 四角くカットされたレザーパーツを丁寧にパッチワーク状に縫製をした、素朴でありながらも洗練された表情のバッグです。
* * *
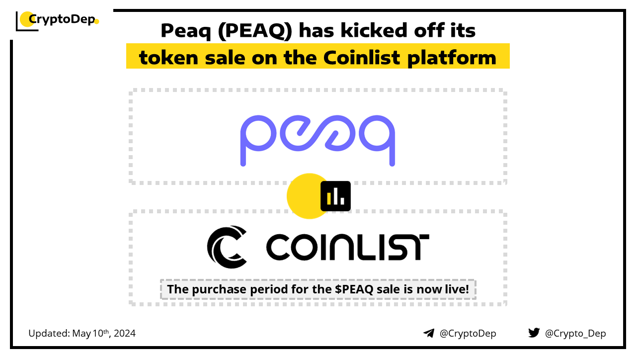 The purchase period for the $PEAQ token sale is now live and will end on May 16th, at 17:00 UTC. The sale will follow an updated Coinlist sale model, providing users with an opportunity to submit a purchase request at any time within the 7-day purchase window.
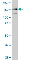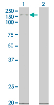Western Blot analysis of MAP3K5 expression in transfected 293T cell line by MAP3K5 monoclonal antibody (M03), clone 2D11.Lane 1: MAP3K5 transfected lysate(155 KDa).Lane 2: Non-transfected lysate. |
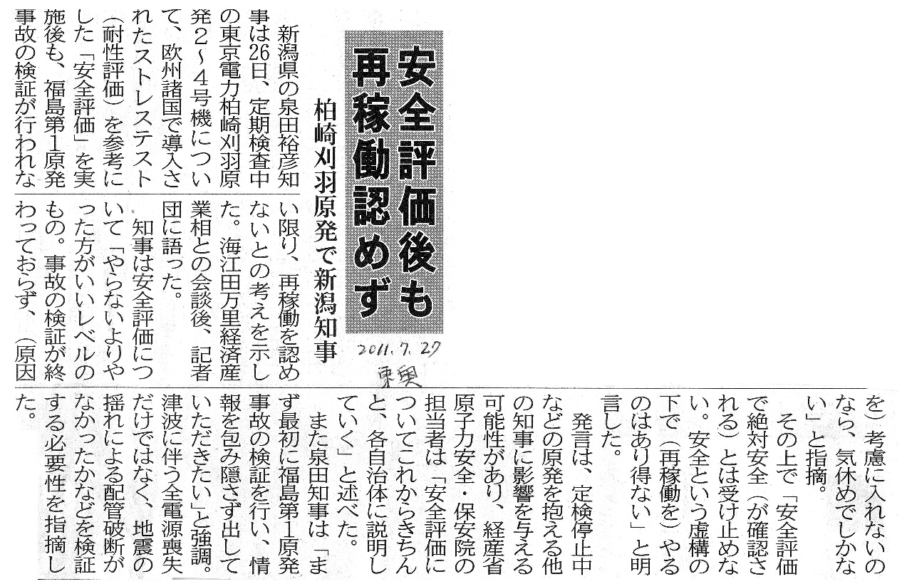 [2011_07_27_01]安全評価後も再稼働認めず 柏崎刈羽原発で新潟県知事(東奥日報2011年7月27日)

--- Exercise goal ---
Output exactly the lines above, beginning at the one with "Western Blot analysis" and stopping after the one with "[2011_07_27_01". Pictures are to be omitted.

--- Result of this task ---
Western Blot analysis of MAP3K5 expression in transfected 293T cell line by MAP3K5 monoclonal antibody (M03), clone 2D11.Lane 1: MAP3K5 transfected lysate(155 KDa).Lane 2: Non-transfected lysate. |
 [2011_07_27_01]安全評価後も再稼働認めず 柏崎刈羽原発で新潟県知事(東奥日報2011年7月27日)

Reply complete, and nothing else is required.